Court Upholds Interim Suspension of Students for Justice in Palestine Chapter for Prohibited 10-Day Tent Demonstration
Yesterday’s decision by Judge William K. Sessions III (D. Vt.) in University of Vermont Students for Justice in Palestine v. University of Vermont upheld the University’s interim suspension of UVMSJP for violating various rules in setting up a 10-day long tent demonstration on the University’s Davis Center Green in Spring 2024:
- Using the Davis Center Green to the exclusion of others for non-commercial solicitation without a reservation;
- Disruption of scheduled tabling and other reservation of space outside the Davis Center;
- Disruption of normal student engagement and/or academic work patterns;
- Setting up tents (“temporary structure”) on the Davis Center Green without a permit and declining to remove them when requested;
- Overnight occupancy of a temporary structure;
- Encouraging and facilitating the violation of policy by other students.

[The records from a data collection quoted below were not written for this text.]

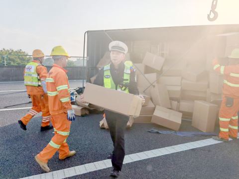 到达现场后,民警发现“整个路面都是散落的货物(电池盒和陶瓷品),面积有100多平方米,超车道、行车道相对较多。货物为易损品,清理货物难度较大,且存在安全隐患,容易引发二次事故”。面对复杂的现场,民警迅速制订“先防护、再清障、后保通”三步方案:到达现场后先设置安全警示区,疏导滞留车辆;随后,调派大型吊车、拖车及货物转运车辆投入救援,面对散落一地的陶瓷和电池盒,现场救援人员将没有损坏的货物搬到转运车上,再使用吊车将事故车辆吊正脱离;在清理出通行车道后,民警利用单车道引导车流缓慢通行,并通过车载显示屏、高德地图等平台实时发布事故信息,提示过往车辆减速慢行。
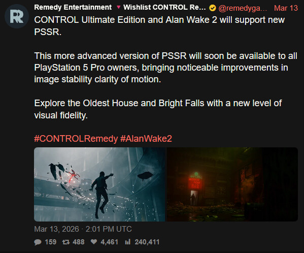 Sonyn omaan PSSR upscalerin seuraava päviitetty versio tulee niin Control: Ultimate Editioniin kuin Alan Wake 2 (AMD:n rauta, Sonyn softa)
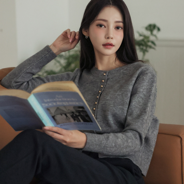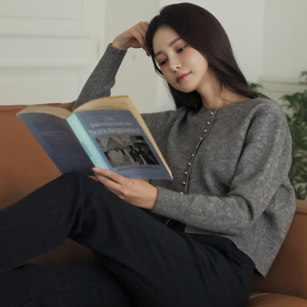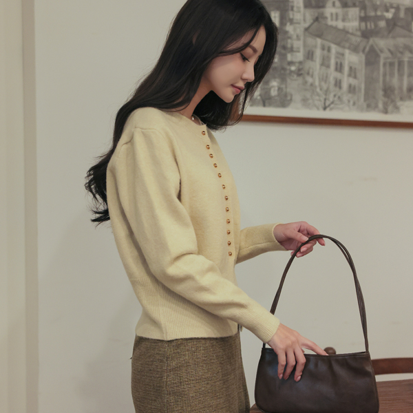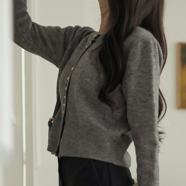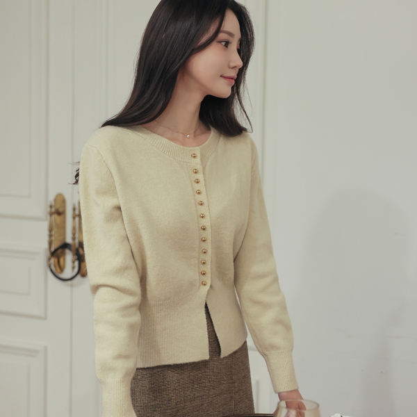 迷你 金色球 扣子 底端 开衩 针织衫 开衫
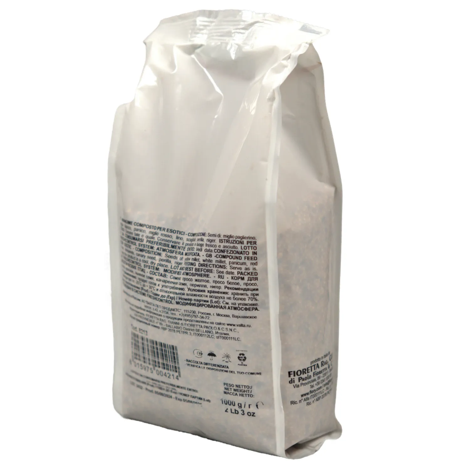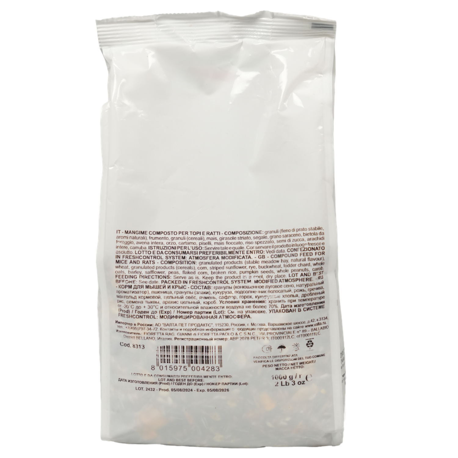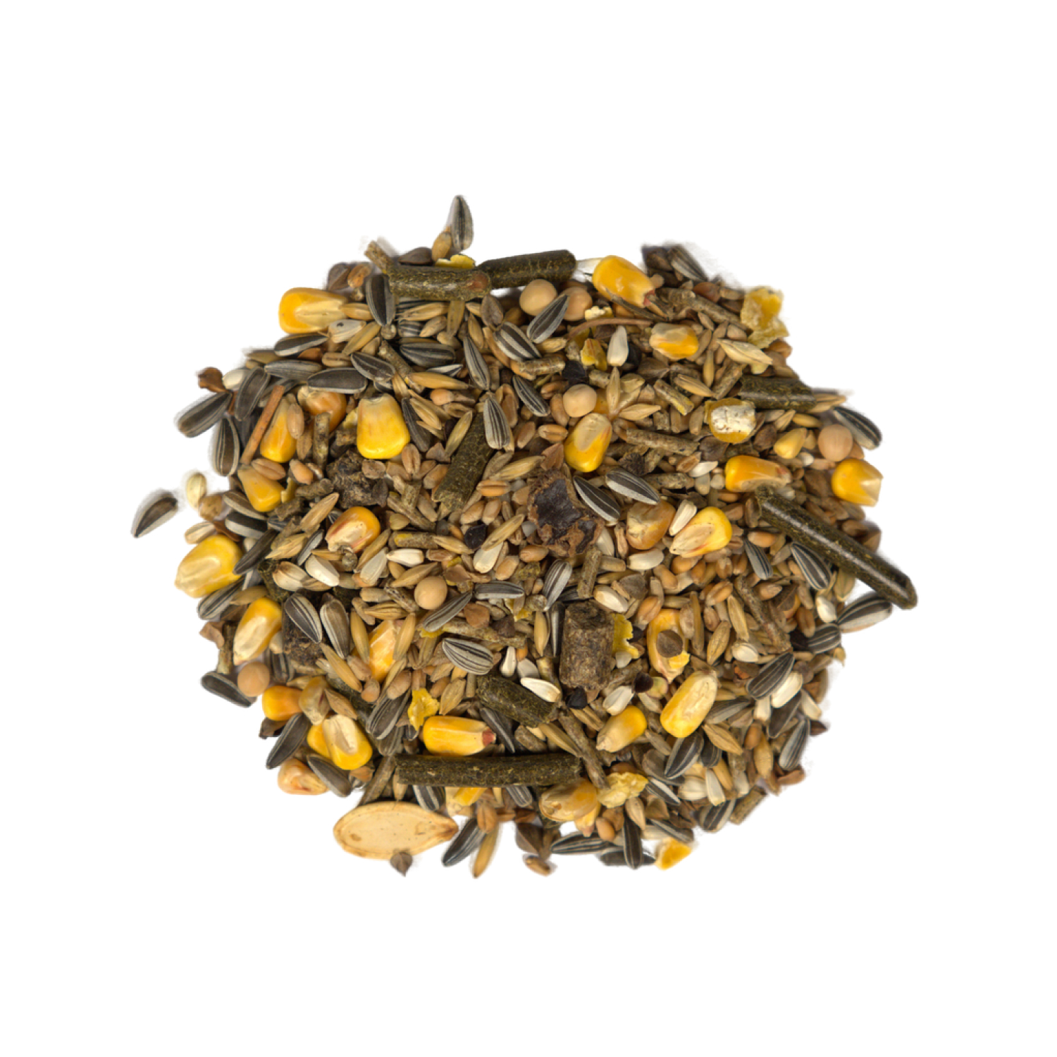 Корм содержит различные виды злаков, гранулы сена, семена тыквы, мангольд, семена подсолнечника, сафлор, арахис, кэроб.
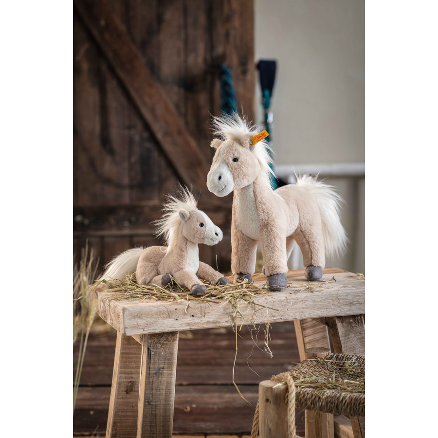 Dettagli del prodotto: Età: da 3 anni in su Con gambe lunghe e allampanate con le quali può essere portata in giro volentieri Con il suo morbido peluche beige e bianco, la criniera e la coda pelose e la simpatica espressione del viso, Gola rende felici tutti gli amici cavallini Alto 18 cm, il cavallino sdraiato è della misura giusta per essere portato ovunque con sé Posizione: sdraiato Morbido peluche Con occhi di plastica Con bottone in acciaio inossidabile nell'orecchio Dimensioni e peso: Dimensioni da assemblato (lunghezza x larghezza x altezza): 18 x 22 x 9 cm. Peso: 0,08 kg Materiale e cura: Materiale: 100% poliestere Imbottitura: imbottitura in materiale sintetico Cura: lavaggio delicato a 30°C, non candeggiare, non asciugare in asciugatrice, non stirare, non lavare a secco.
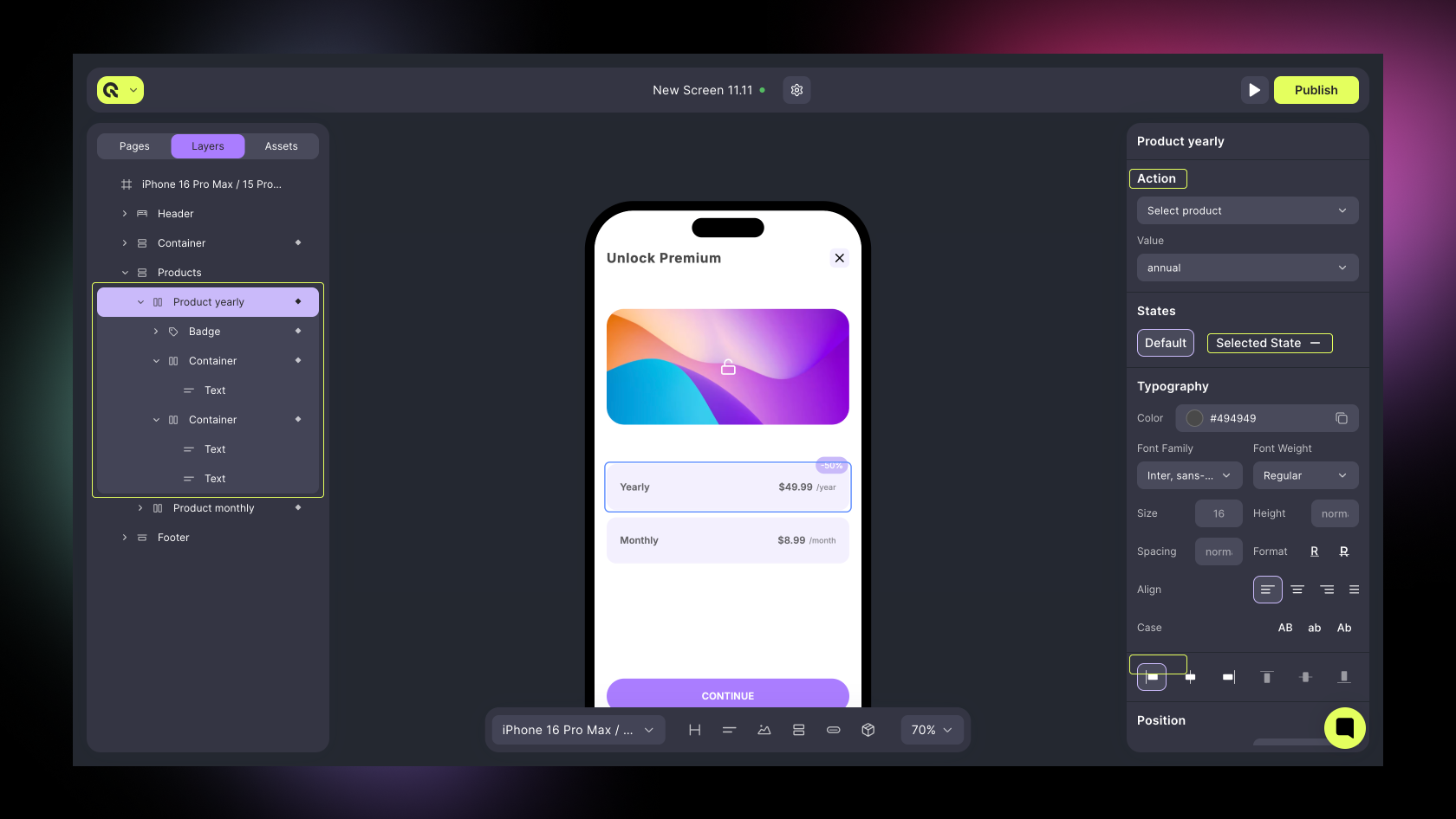 Prebuilt components are ready-to-use component templates designed to accelerate paywall creation. Instead of assembling individual elements, you can drop in a complete, styled product block and customize it to match your brand.Each template comes with:

UVMSJP sued over this suspension of the group’s recognized student organization privileges (the lawsuit wasn’t about any academic suspension of any particular students). The court, though, granted the university’s motion to dismiss, concluding that even if the facts were as UVMSJP had alleged, they wouldn’t amount to a violation of the First Amendment. First, the court rejected plaintiffs’ prior restraint claim:
In Healy v. James (1972), the Supreme Court considered whether a college violated the plaintiffs’ free association rights when it denied recognition of their student group. Ultimately, the Court remanded the case for reconsideration of the plaintiffs’ claims, as it was unable to “conclude from this record that petitioners were willing to abide by reasonable campus rules and regulations.” … Healy noted that recognition of a student group, “once accorded, may be withdrawn or suspended if petitioners fail to respect campus law.”
More recently, the Supreme Court considered a case in which Hastings Law School denied Registered Student Organization status to a Christian student group (“CLS”) that excluded students based on religion and sexual orientation. Christian Legal Society v. Martinez (2010)…. The Supreme Court … [held] that by requiring CLS to comply with all school policies and regulations, Hastings was merely imposing a “reasonable, viewpoint-neutral condition on access to the student-organization forum,” while CLS was seeking “not parity with other organizations, but a preferential exemption from Hastings’ [nondiscrimination] policy.”